Obgleich seine Angehörigen dem Holocaust zum Opfer fielen und vor diesem Exodus schreckliche Zeiten der Verfolgung und Demütigung erleiden mussten, hängt er noch immer mit ganzem Herzen an seiner Heimatstadt Glogau. Es ist bewundernswert und fordert immer wieder meinen Respekt, wie er diese Wunden erträgt. Mit dem Sohn seines Nachbarn auf dem Foto, Dieter Lucas, war er in diesen Septembertagen in Glogau. Der Vater von Herrn Lucas, der von London aus den Bau der Gedenkstätte auf dem Areal der ehemaligen Synagoge ins Leben rief, war der Sohn des letzten Rabbiners der jüdischen Gemeinde zu Glogau.

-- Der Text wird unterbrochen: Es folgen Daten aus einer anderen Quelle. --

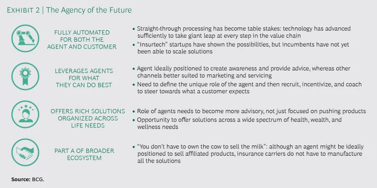 Although there is no one-size-fits-all formula for success, the agency of the future will likely be fully automated, will provide agents with qualified leads and other digital and analytic capabilities to boost their productivity, and will address customer needs more holistically, with richer solutions across their lifetimes. (See Exhibit 2.)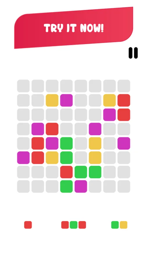 This is a simple puzzle game of matching and eliminating horizontal and vertical lines of the same color. Move different blocks to fill up the grid and fit the puzzle.

Ich selbst gehörte nicht zu dieser Klassengemeinschaft. Erst 1928 kam ich mit meiner Ostertüte über das Pflaster des Schulhofes. Auch mein Jahrgang wurde so auf die Platte gebannt, und es waren noch einige Gesichter mehr, die so hoffnungsvoll in die Optik des Fotografen schauten, nämlich 52 Schüler.

All denen, die später den Krieg und die Jahre der Gefangenschaft überlebten, sage ich herzliche Grüße. Nicht zuletzt grüße ich besonders herzlich meinen Freund John Werner Friedmann.